▸ WHAT YOU HAVE TO DO:
Exactly as written, return every line of the data below apart from the pictures.
══ DATA BELOW
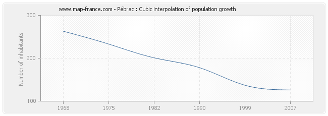 This curve shows the history of the population of Pébrac from 1968 to 2007 in cubic interpolation. This provides more precisely the population of the municipality of Pébrac the years where no census has been taken.
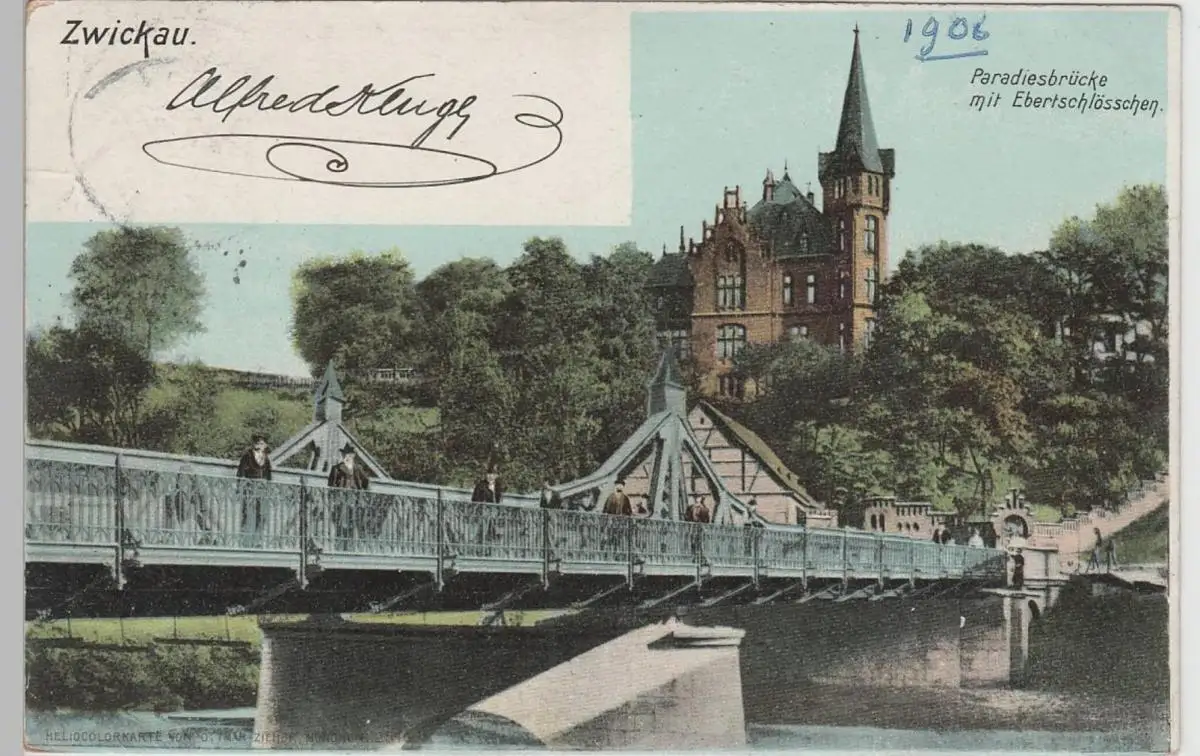 - (83667) Ansichtskarte, postcard, PPC - Zwickau, Paradiesbrücke mit Ebertschlösschen, 1906
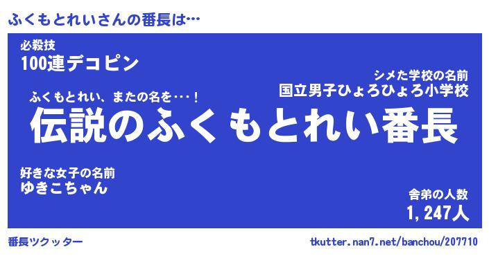 | ヘコむあだ名 | 『ふくにゅー』『つくし』『ふくっぺ』 |
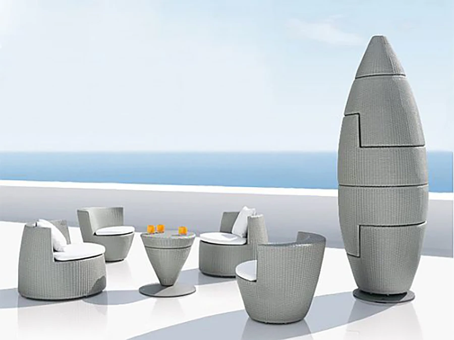 เฟอร์นิเจอร์ Outdoor ชุดนี้ประกอบไปด้วยเก้าอี้ 4 ตัว และโต๊ะ 1 ตัว เมื่อไม่ต้องการใช้ก็สามารถวางเก็บเข้าชุดเป็นอนุสาวรีย์แท่งหินมียอดเหมือนปิระมิดได้เลย (Obelisk)
════
▸ EXERCISE RESPONSE:
 This curve shows the history of the population of Pébrac from 1968 to 2007 in cubic interpolation. This provides more precisely the population of the municipality of Pébrac the years where no census has been taken.
 - (83667) Ansichtskarte, postcard, PPC - Zwickau, Paradiesbrücke mit Ebertschlösschen, 1906
 | ヘコむあだ名 | 『ふくにゅー』『つくし』『ふくっぺ』 |
 เฟอร์นิเจอร์ Outdoor ชุดนี้ประกอบไปด้วยเก้าอี้ 4 ตัว และโต๊ะ 1 ตัว เมื่อไม่ต้องการใช้ก็สามารถวางเก็บเข้าชุดเป็นอนุสาวรีย์แท่งหินมียอดเหมือนปิระมิดได้เลย (Obelisk)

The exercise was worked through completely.